We'll see if we can improve on this using a seasonal naive approach.

Seasonal Naive

The naive forecast we created takes the very last day of sales to use as the forecast. We can try to improve on this by taking into account seasonal fluctuations in the data. Now, seasonal doesn't necessarily mean summer, autumn, winter and spring. It can mean a weekly pattern, or a daily pattern. Maybe a store is always busy on Saturday, but quiet on Monday.

Let's see if there's a trend throughout the week. We'll find the total unit sales for each day of our data and then combine it with information in calendar.csv so we know which weekday it corresponds to.

calendar = pd.read_csv('data/calendar.csv')
calendar.head()
date wm_yr_wk weekday wday month year d event_name_1 event_type_1 event_name_2 event_type_2 snap_CA snap_TX snap_WI
0 2011-01-29 11101 Saturday 1 1 2011 d_1 NaN NaN NaN NaN 0 0 0
1 2011-01-30 11101 Sunday 2 1 2011 d_2 NaN NaN NaN NaN 0 0 0
2 2011-01-31 11101 Monday 3 1 2011 d_3 NaN NaN NaN NaN 0 0 0
3 2011-02-01 11101 Tuesday 4 2 2011 d_4 NaN NaN NaN NaN 1 1 0
4 2011-02-02 11101 Wednesday 5 2 2011 d_5 NaN NaN NaN NaN 1 0 1
total_sales = sales.filter(like='d_', axis=1).sum()
total_sales = pd.DataFrame(total_sales, columns=['total_sales'])
total_sales = total_sales.reset_index().rename(columns={'index': 'd'})
total_sales = calendar[['weekday','month','d']].merge(total_sales, how='left', on='d')
total_sales = total_sales.dropna()
total_sales.head()
weekday month d total_sales
0 Saturday 1 d_1 32631.0
1 Sunday 1 d_2 31749.0
2 Monday 1 d_3 23783.0
3 Tuesday 2 d_4 25412.0
4 Wednesday 2 d_5 19146.0

Let's use Seaborn to do a boxplot, using the weekday as a categorical variable.

import seaborn as sns
import matplotlib.pyplot as plt

sns.boxplot(x='weekday', y='total_sales', data=total_sales)
plt.show()

We can see there is a definite trend - Saturday and Sunday have significantly higher unit sales on average, which then fall to a low during mid-week.

Let's also take a look at the unit sales by month.

sns.boxplot(x='month', y='total_sales', data=total_sales)
plt.show()

There isn't as much of a definitive trend here.

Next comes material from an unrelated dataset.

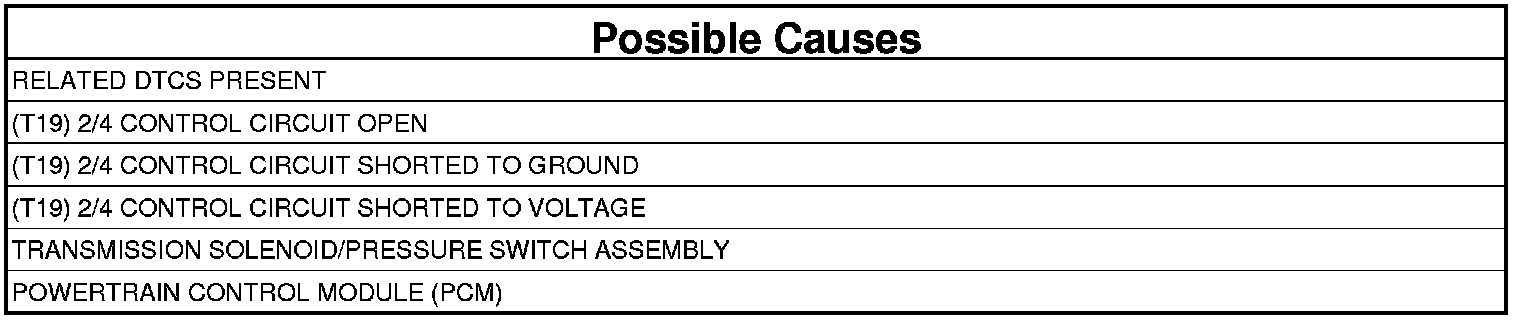 - Repair the (T19) 2/4 Control circuit for a short to voltage.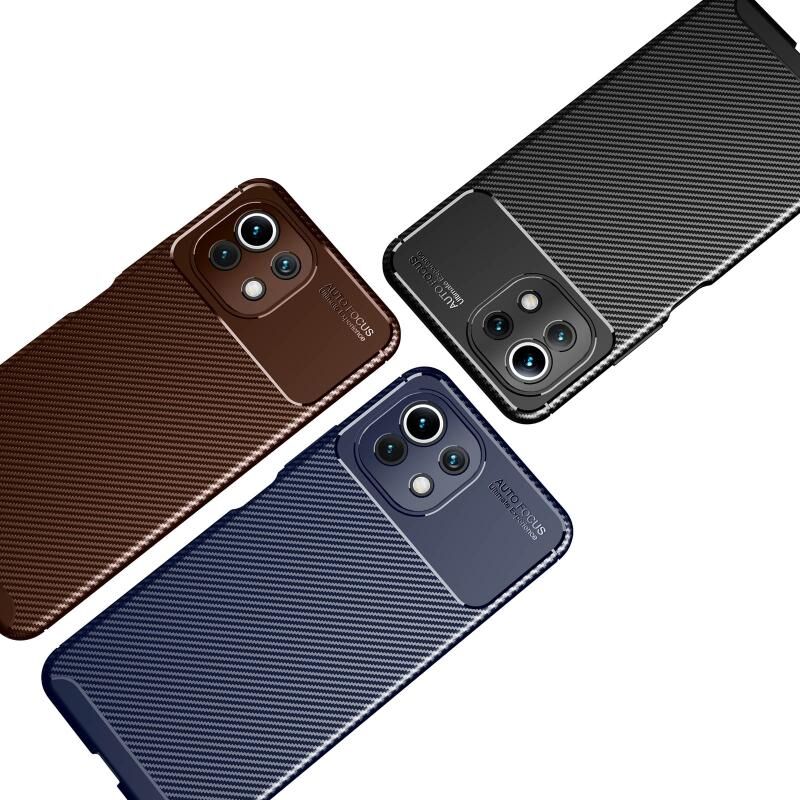 Για Xiaomi Mi 11 Lite Θήκη TPU με υφή ανθρακονημάτων για αντικραδασμική προστασία (καφέ)

Some industries will have big swings throughout the year, for example an air conditioning company will normally see an uptick during the summer and winter months.

Testing Different Seasonal Naive Models

We will push through with using a 7-day seasonal cycle. There are a few options, the first will involve taking the last 7 days of sales and then repeating it 4 times to obtain the 28-day forecast. We'll also try using the last month of sales as well as the sales from the same month in the previous year.

# Forecasting Horizon
h = 28

# Last Week
naive_lw = pd.concat([sales.iloc[:,-7:]]*4, axis=1, ignore_index=True)

# Last Month
naive_lm = sales.iloc[:,-h:]

# Last Year
naive_ly = sales.iloc[:,-13*h:-12*h]

We have created three different 28-day forecasts which we can now compare the error. You can either submit these using Kaggle, or use the m5-wrmsse package outlined in the WRMSSE tutorial.

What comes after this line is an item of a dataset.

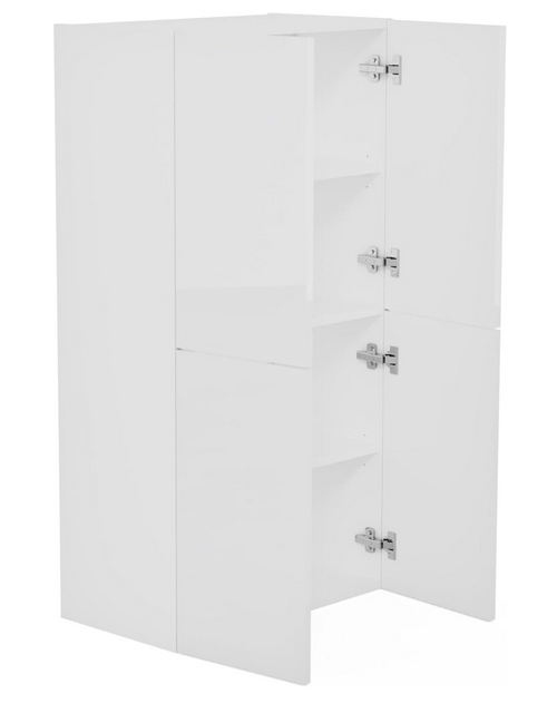 Cztery zamykane fronty kryją w sobie pojemne półki, które pomieszczą środki czystości, detergenty, ręczniki, kosmetyki i inne niezbędne akcesoria. Dzięki temu wszystko masz pod ręką – a jednocześnie ukryte przed wzrokiem.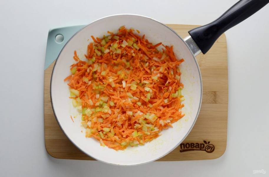 Лук и сельдерей нарежьте кубиками, морковь натрите на крупной терке. Обжарьте в небольшом количестве масла до мягкости.

from m5_wrmsse import wrmsse

wrmsse_lw = wrmsse(naive_lw.values)
wrmsse_lm = wrmsse(naive_lm.values)
wrmsse_ly = wrmsse(naive_ly.values)

print('WRMSSE (Last Week): %.3f\
      \nWRMSSE (Last Month): %.3f\
      \nWRMSSE (Last Year): %.3f' % 
      (wrmsse_lw, wrmsse_lm, wrmsse_ly))
WRMSSE (Last Week): 0.870      
WRMSSE (Last Month): 0.838      
WRMSSE (Last Year): 1.294

Using the previous 4-week period as the forecast produced the lowest WRMSSE, followed closely by using just the previous week. The error increased dramatically when forecasting with the same month from the previous year - most likely due to product lines changing in that time. A store like Walmart would be continually changing the products it sells, so it will be difficult to make an accurate forecast based on last years' sales figures. However, all three seasonal naive models were an improvement over using just the final day as the forecast (WRMSSE=1.46).

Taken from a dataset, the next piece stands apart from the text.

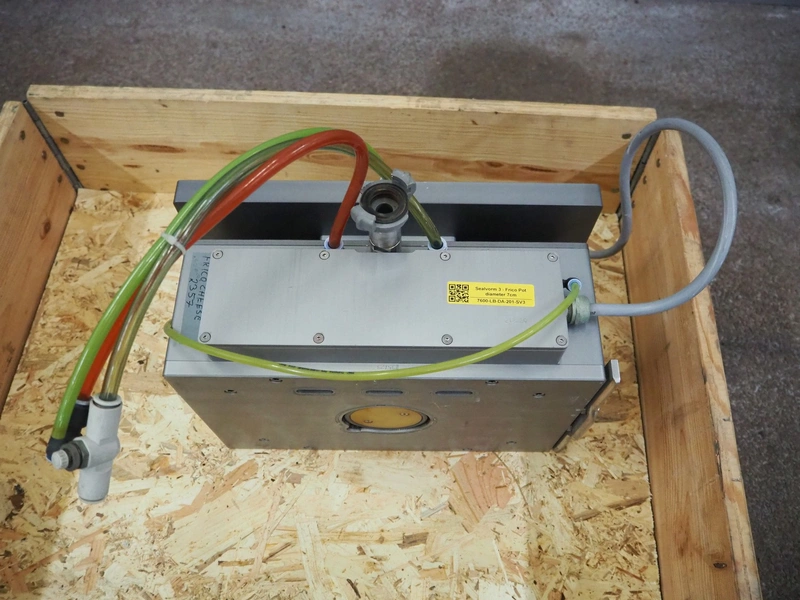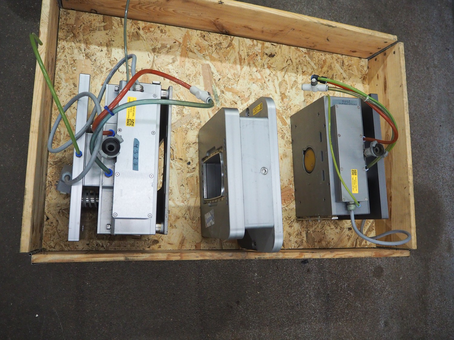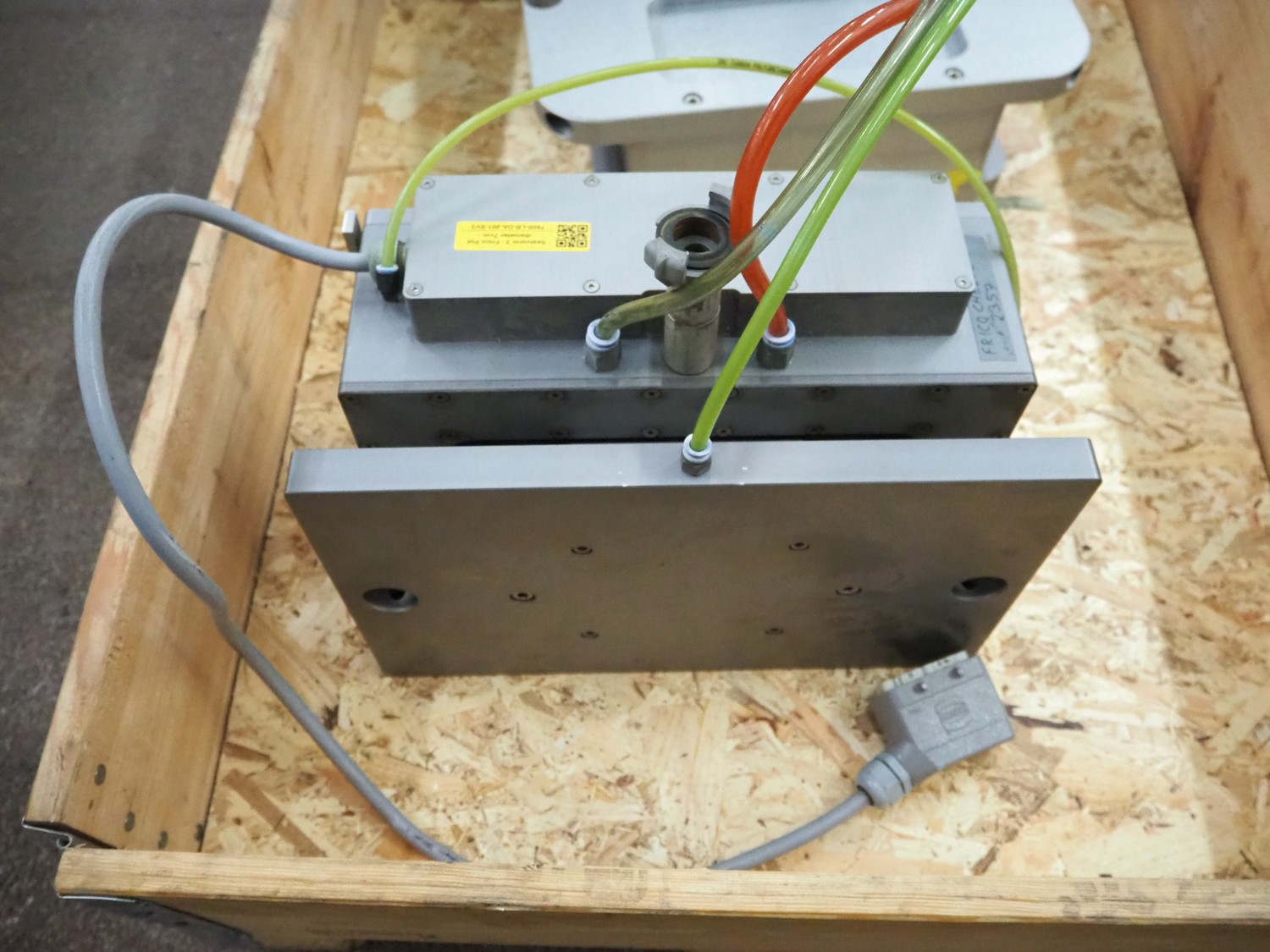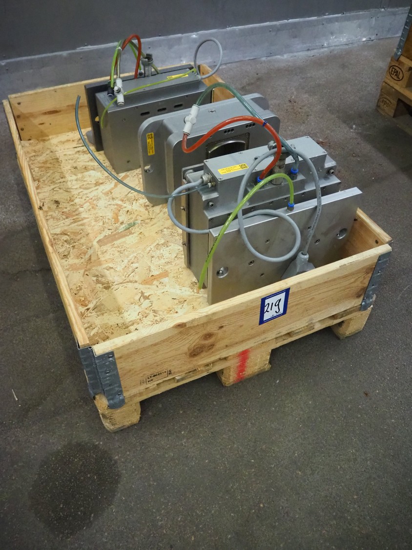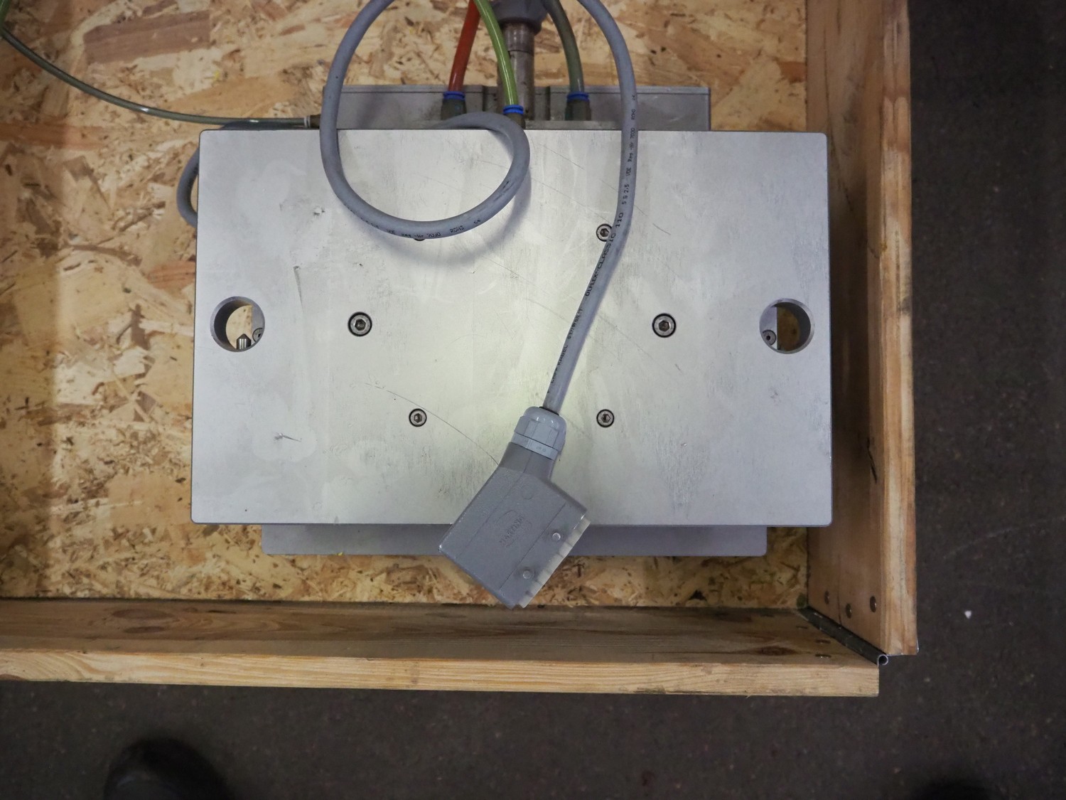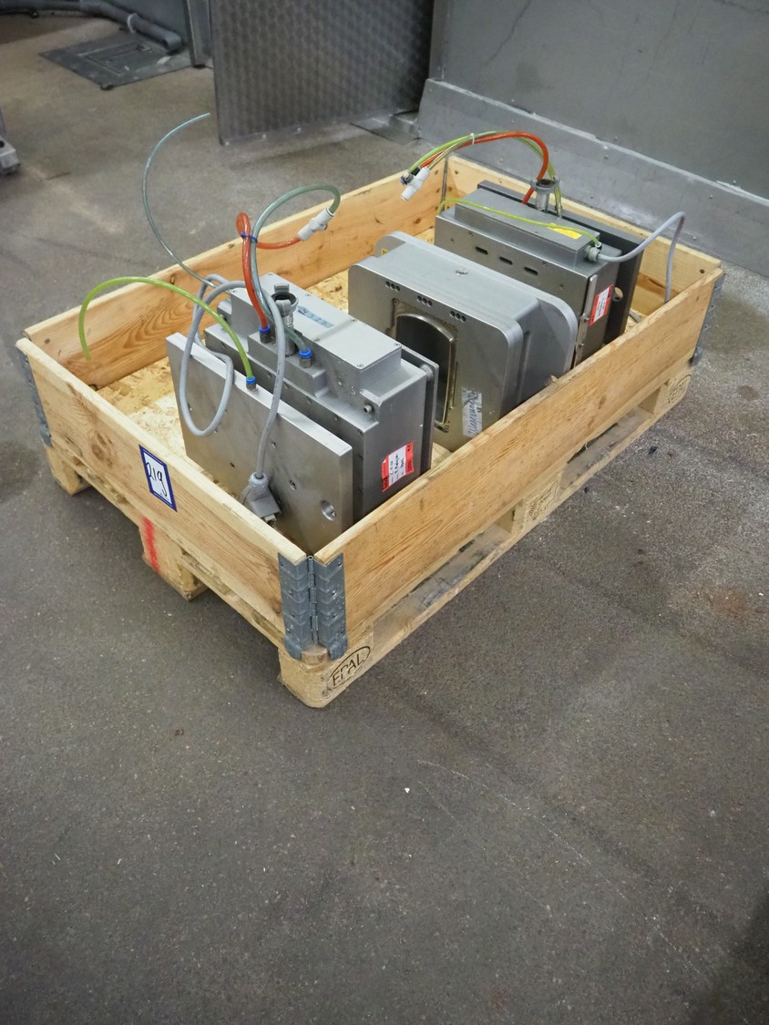 Pallet with 3 dyes for traysealer, dimensions dye: (2x) 200 mm x 125 mm and (1x) Ø 70 mm, total dimensions: 400 mm x 350 mm x 250 mm, 420 mm x 350 mm x 200 mm and 400 mm x 240 mm x 200 mm.

The naive or seasonal naive forecast is often used as a baseline, it's a very simple technique and often produces quite a good result. More complex forecasting techniques can be compared to the baseline to see how much of an improvement can be made, but generally this comes with increased computation time. We'll dig deeper into the M5 dataset in future tutorials on the Adaptations of Croston's Method, ADIDA and Intermittent Demand and Multiple Temperal Aggregation.